Westword: What do the Of Souls + Water represent to you collectively, now that you're four films into your series?
Skip Armstrong: Every film is pretty different and each character has their own story, but the thing that unites them is water. I just love how it is in all of our lives and affects us differently, and I'm proud of the series and how it has demonstrated that. Water shapes every single thing that we touch or interact with every day, in one way or another, and each of the characters in these films has been uniquely able to express how it has shaped their lives.
What drew you to surfer Chris Peterson and his story?
I first met Chris about a year ago at a dinner party in Idaho and we started chatting and I found out he'd once been a surfer trying to make it on the pro circuit after growing up surfing the North Shore on Oahu. I was like, "Wait, you're from Hawaii? What are you doing in Idaho?" He just rolled his eyes and was like, "It's a crazy story." I was all ears, and got this whole story about his decision to leave it all behind to come out and take care of his grandmother, who had been a pivotal figure in his life. He's an incredible surfer and just found a way to make that work in his new life in Idaho.

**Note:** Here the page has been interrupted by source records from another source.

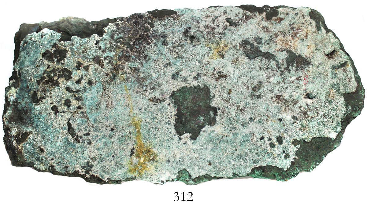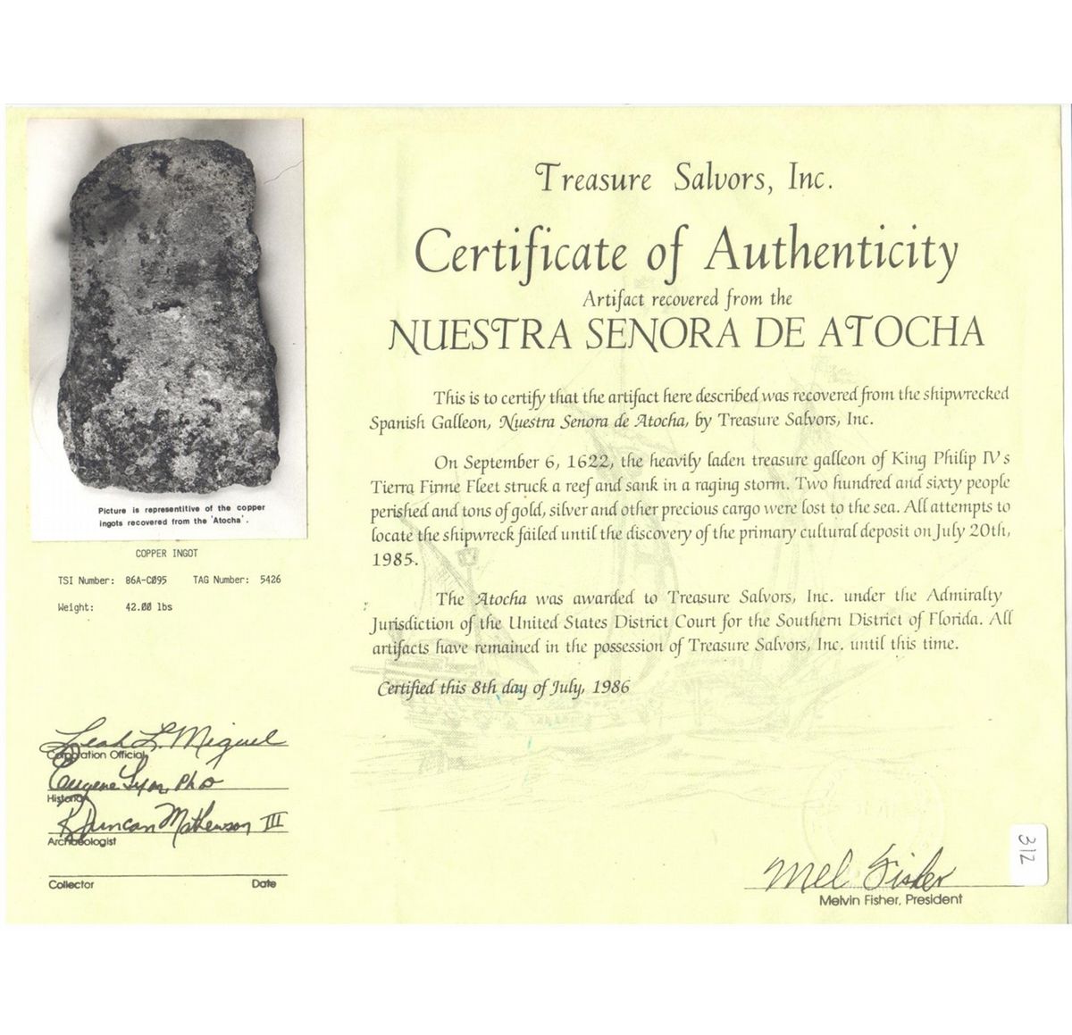 Large copper ingot from the Atocha (1622), 42 lb av. About 17" x 8" x 2". Somewhat rectangular but typically crude mound of pure copper (probably mined and cast in Cuba) with an attractive crust of green-white encrustation on both sides, heavy and impressive. From the Atocha (1622), with Fisher photo-certificate #86A-C095.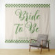 Mod bride to be backdrop, With a groovy retro avocado green color and cream checkerboard pattern border.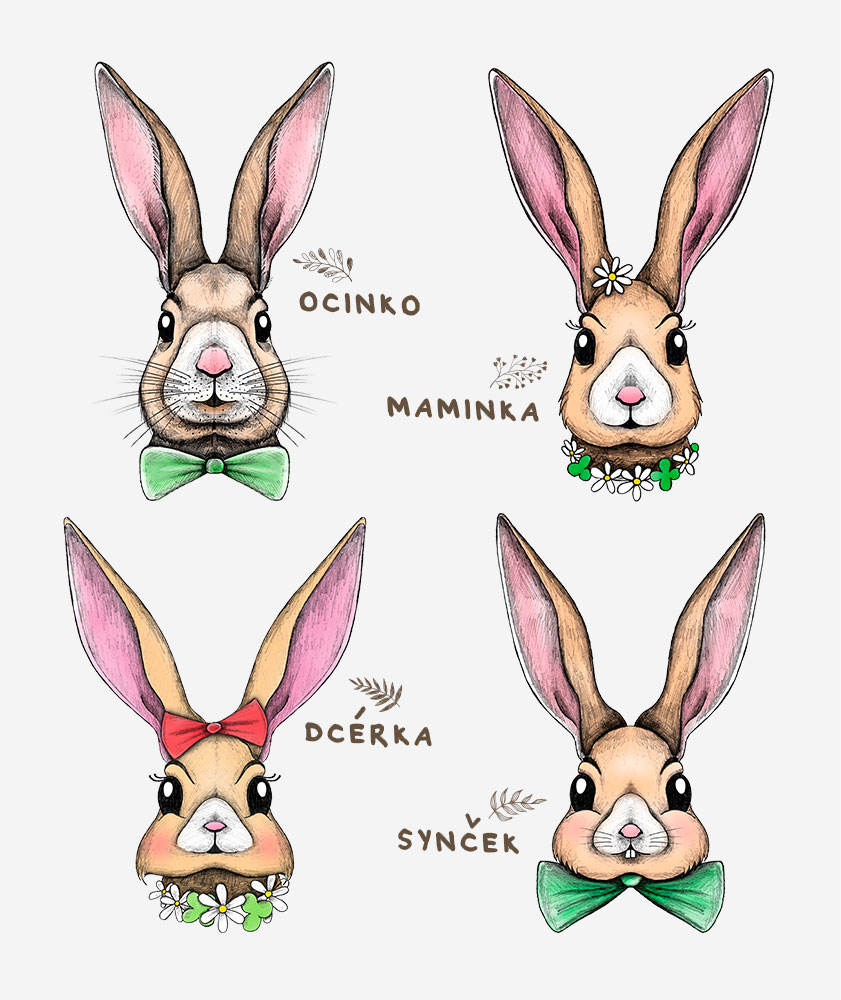 Kolekcia veľkonočného oblečenia s členmi rodinky Zajacových. Kolekciu je možné vyskladať z ľubovoľného množstva tričiek s ľubovoľnými členmi zajačej rodinky. V ponuke sú pánske, dámske i detské tričká a taktiež detské bodyčká pre tých najmenších zajačikov.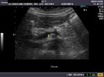 This middle aged lady had h/o dyspepsia for which sonography of the pancreas was done. Ultrasound images show markedly dilated main pancreatic duct (5 mm.) with a calculus (stone) seen as an echogenic nidus in the terminal part of the main pancreatic duct, within the head of pancreas. Pancreatic duct calculi are seen within the main pancreatic duct whilst echogenic foci in the pancreatic gland itself are called calcifications. Both pancreatic calcification and calculi are usually the result of chronic pancreatitis and are more common in alcoholics. Ultrasound images of pancreatic duct calculus are courtesy of Dr. Prasenjeet Singh, MD, India.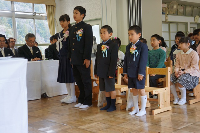 今年度の富山小中学校の新入生は4人(小学校2人、中学校2人)、転入生は7人です。小中学校の児童・生徒は総勢で16名で新しい一年をスタートしました。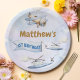 Cute Retro Blue Airplane 1st Birthday Paper Plates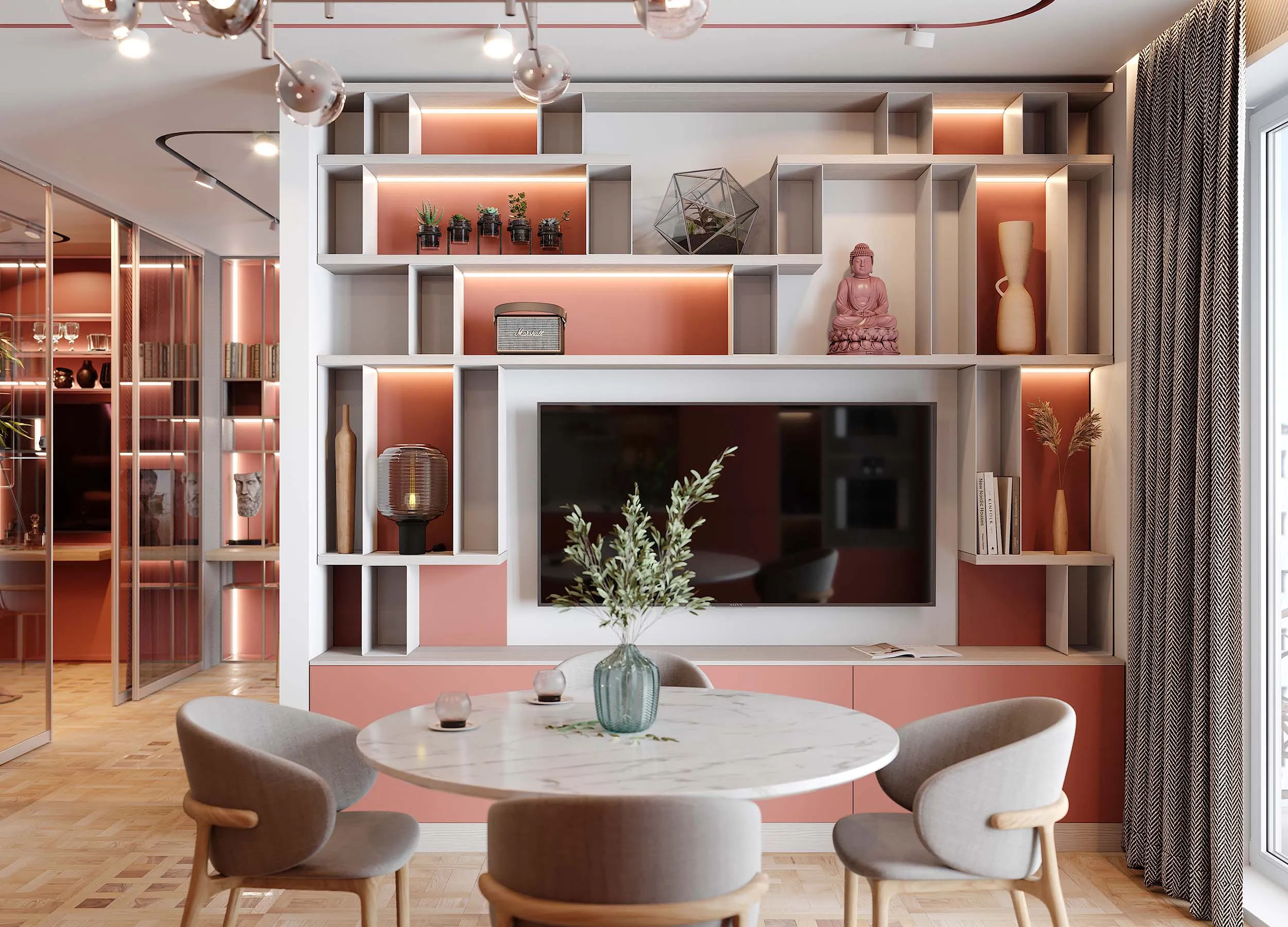 На фото стильных стенок в гостиную можно увидеть модели, предназначенные для распределения по всей комнате. Они выделяют отдельные функциональные зоны, например, для хранения посуды и других вещей, создания обеденного пространства, места для досуга.

Were there any challenges this film presented that were different from the previous films in the series?
The only major challenge was timing it to get the water levels right for that particular wave, the Pipeline wave on the Lochsa River in Idaho, near Missoula, Montana. That thing's only good for a week or two each year and it's very unpredictable, so we had to do a lot of juggling of schedules.
What has the response been like to these films as they've been rolling out? You've said before that you set out to create something different than all the adventure porn out there.
In the interactions I have with people one-on-one, everybody I talk to will mention a specific detail from one of the films and how they related to it or connected to it. And they tend to be those little things that I would obsess over for days in the filming and editing process, you know, trying to get that water droplet to fall just right. It's been rewarding to have a pretty wide audience paying attention to those same small details.
What can you tell us about the final film in your series?
We're calling it The Elder and it's due out in late August. It's about this guy Rob Elliott, whose grandfather was the very first commercial outfitter on the Grand Canyon. Rob is getting close to 70 now himself, but spent his life on the river and is still guiding on the Grand Canyon. For the film he's going to write and narrate what he calls an "ethical will" to his children. The whole premise of the film is this idea of passing information and knowledge on from generation to generation. It will be shot in the Grand Canyon but the focus won't be on rafting so much as the place itself and the "infinity and beyond" vibe that you get in the midst of this incredible oasis that stands in contrast to all that dry red sand and stone that surrounds it. That's going to be the conclusion of the series, for now, and it's a fitting end because it's really about communication and the responsibility to pass collected wisdom about our world on to the next generation.